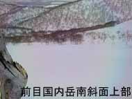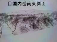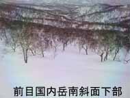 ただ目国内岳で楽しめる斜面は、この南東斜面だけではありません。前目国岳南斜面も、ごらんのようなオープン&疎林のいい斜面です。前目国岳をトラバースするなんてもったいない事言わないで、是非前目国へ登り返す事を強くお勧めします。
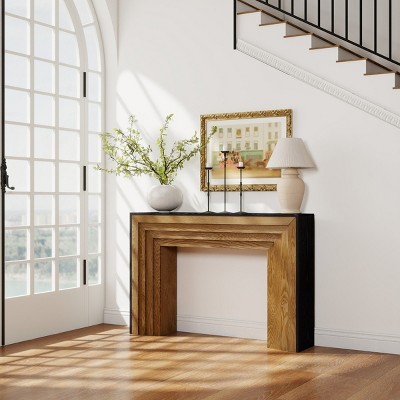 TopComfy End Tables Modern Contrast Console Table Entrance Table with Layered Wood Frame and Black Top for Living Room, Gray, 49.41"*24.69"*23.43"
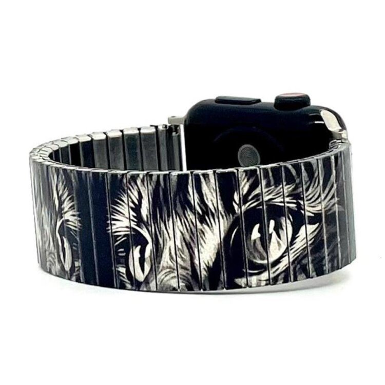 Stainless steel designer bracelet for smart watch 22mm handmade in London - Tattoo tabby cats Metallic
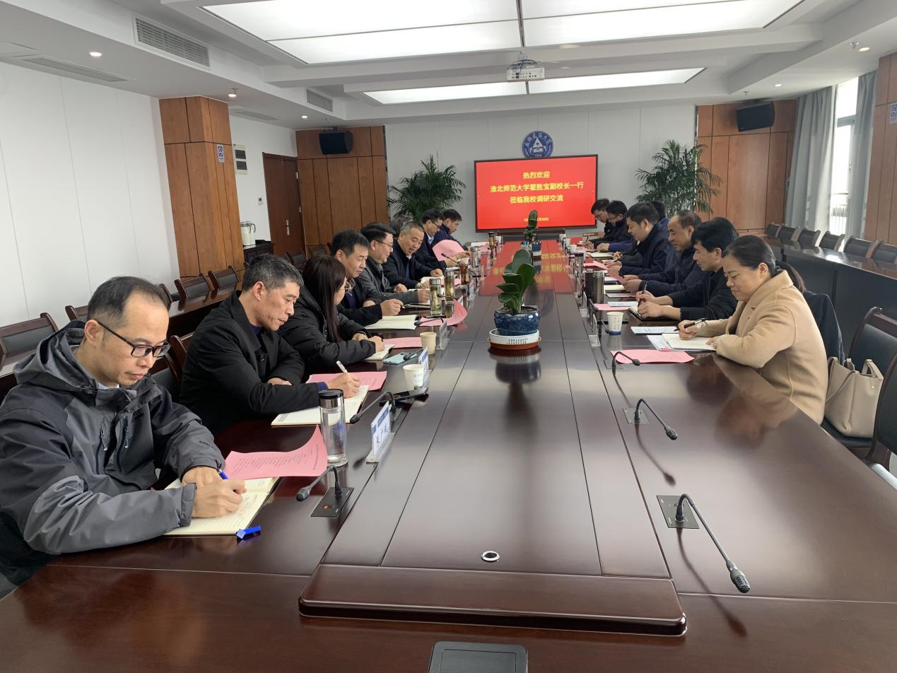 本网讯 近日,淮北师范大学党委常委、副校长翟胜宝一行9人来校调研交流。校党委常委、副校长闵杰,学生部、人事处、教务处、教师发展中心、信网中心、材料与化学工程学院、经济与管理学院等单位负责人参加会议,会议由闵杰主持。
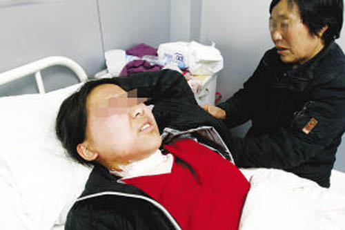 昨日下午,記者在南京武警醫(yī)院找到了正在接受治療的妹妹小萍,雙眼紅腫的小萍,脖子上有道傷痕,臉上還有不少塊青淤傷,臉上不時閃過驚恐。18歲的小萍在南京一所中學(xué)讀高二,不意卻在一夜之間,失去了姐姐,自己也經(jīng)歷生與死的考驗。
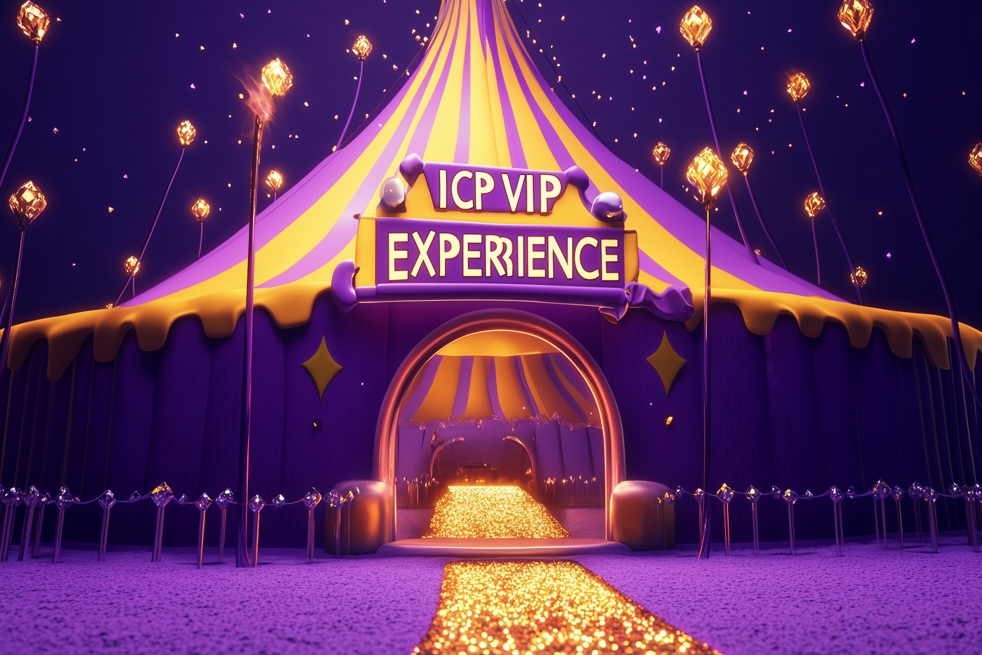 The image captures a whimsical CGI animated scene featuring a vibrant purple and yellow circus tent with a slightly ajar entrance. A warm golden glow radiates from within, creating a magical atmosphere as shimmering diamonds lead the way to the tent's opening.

:: Work to complete ::
Write out every record above exactly, leaving no picture in the result.

:: Expected answer ::
 ただ目国内岳で楽しめる斜面は、この南東斜面だけではありません。前目国岳南斜面も、ごらんのようなオープン&疎林のいい斜面です。前目国岳をトラバースするなんてもったいない事言わないで、是非前目国へ登り返す事を強くお勧めします。
 TopComfy End Tables Modern Contrast Console Table Entrance Table with Layered Wood Frame and Black Top for Living Room, Gray, 49.41"*24.69"*23.43"
 Stainless steel designer bracelet for smart watch 22mm handmade in London - Tattoo tabby cats Metallic
 本网讯 近日,淮北师范大学党委常委、副校长翟胜宝一行9人来校调研交流。校党委常委、副校长闵杰,学生部、人事处、教务处、教师发展中心、信网中心、材料与化学工程学院、经济与管理学院等单位负责人参加会议,会议由闵杰主持。
 昨日下午,記者在南京武警醫(yī)院找到了正在接受治療的妹妹小萍,雙眼紅腫的小萍,脖子上有道傷痕,臉上還有不少塊青淤傷,臉上不時閃過驚恐。18歲的小萍在南京一所中學(xué)讀高二,不意卻在一夜之間,失去了姐姐,自己也經(jīng)歷生與死的考驗。
 The image captures a whimsical CGI animated scene featuring a vibrant purple and yellow circus tent with a slightly ajar entrance. A warm golden glow radiates from within, creating a magical atmosphere as shimmering diamonds lead the way to the tent's opening.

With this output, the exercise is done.